Do this need to be in output? Or just The QuantileDiscretizer has ...?

The only reason I have $this is because Bucketizer has $this and I am trying to be consistent with Bucketizer implementation.

if (isSet(inputCols)) { require(getInputCols.length == getOutputCols.length && getInputCols.length == getSplitsArray.length, s"Bucketizer $this has mismatched Params " + s"for multi-column transform. Params (inputCols, outputCols, splitsArray) should have " +

SparkQA · 2018-01-31T06:55:19Z

Test build #86864 has finished for PR 20442 at commit dfaad52.

This patch passes all tests.
This patch merges cleanly.
This patch adds no public classes.

viirya · 2018-01-31T08:36:33Z

mllib/src/main/scala/org/apache/spark/ml/feature/QuantileDiscretizer.scala

-        "inputCols number do not match outputCols")
-      ($(inputCols), $(outputCols))
+      require(!isSet(numBucketsArray),
+        s"numBucketsArray can't be set for single-column QuantileDiscretizer.")


Should we check if numBucketsArray and numBuckets are set at the same time?

I was thinking about if I should add this check when I changed the code yesterday:
If both numBucketsArray and numBuckets are set, the current code will only take numBucketsArray. Also, numBuckets always has a default value even if it's not set. So yesterday I decided not to add the check.
But I guess it's better to tight the code to make user not set numBuckets explicitly when numBucketsArray is set. I will make the change to add the check.

SparkQA · 2018-01-31T19:52:38Z

Test build #86886 has finished for PR 20442 at commit 776a179.

This patch passes all tests.
This patch merges cleanly.
This patch adds no public classes.

MLnick

This LGTM. We could potentially slightly clean up the error messages in transformSchema but the behavior is what we want.

Given 2.3.0 RC4 is imminent we can go ahead to merge as is.

jkbradley · 2018-02-16T22:53:39Z

I'm re-running tests since the last run is very stale, but +1 for getting this into RC4!

SparkQA · 2018-02-16T23:28:06Z

Test build #4099 has finished for PR 20442 at commit 776a179.

This patch fails Spark unit tests.
This patch merges cleanly.
This patch adds no public classes.

viirya · 2018-02-17T02:50:09Z

numBuckets is a default param and can cause persistence bug too if we add multi-column error handling logic. I think we have two options:

Ignore numBuckets when inputCols and numBucketsArray are set.

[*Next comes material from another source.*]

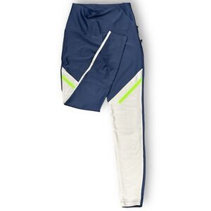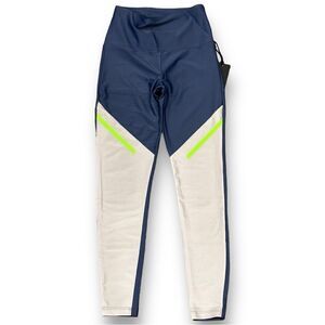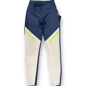 LANSTON Sports Women’s Sports Leggings in the Size XSmall in Blue/Silver Color with Reflective Neon Green stripes.
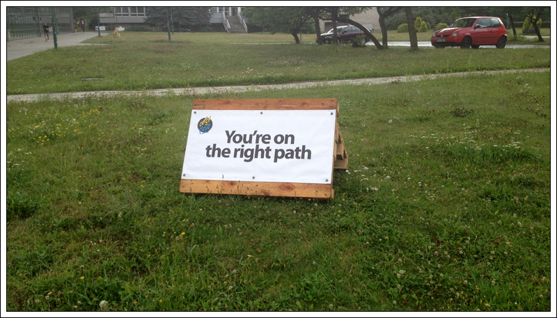 Do MPK mam 15 min, w takich sytuacjach zawsze idę pieszo, traktuję to jako sposób, by poznać miasto. I ku mojemu zdziwieniu po 7 minutach jestem na miejscu, do którego jechałbym pewnie jakieś 3 minuty, ale czekał na autobus 15. Ja rozumiem, że wygodniej, ale cóż to za oszczędność czasu. To mi trochę uświadomiło, czemu w mieście ludzie tak ciągle pędzą. Jeśli w taki sposób przeliczają czas, to się nie dziwię. Gdy na terenie obiektu Akademii Wychowania Fizycznego zauważyłem znajome logo z napisem " You are on the right path", wiedziałem, że jestem blisko i że to już się dzieje!

Don't raise error if it is set.
Similar to outputCol, also skip the default value of numBuckets if inputCols is set when saving the metadata.

jkbradley · 2018-02-17T04:06:21Z

Yeah, this is a strong reason to separate explicitly set and default Params in the near future. Let's not block 2.3 on this PR. If you still want to try for 2.3, then I vote for option 1 but don't have a strong preference. But I'm tempted to say we should just wait for 2.4 and do the long-term fix for Params.

huaxingao · 2018-02-18T01:36:20Z

Thanks for the comments. I am in China now for Chinese New Year. Will address the comments when I get back to work on 2/21.

huaxingao · 2018-02-22T00:26:19Z

Sorry for not working on this earlier. Just came back from China yesterday morning.
Not sure if 2.3 RC4 has already get cut. If this still needs to be merged in 2.3, please let me know and I will take option 1. Otherwise, I will wait for 2.4. I saw viirya already has a fix to separate explicitly set and default params in SPARK-23455.
Thanks all for your help!

…eDiscretizer

SparkQA · 2018-04-25T06:28:59Z

Test build #89820 has finished for PR 20442 at commit db35f61.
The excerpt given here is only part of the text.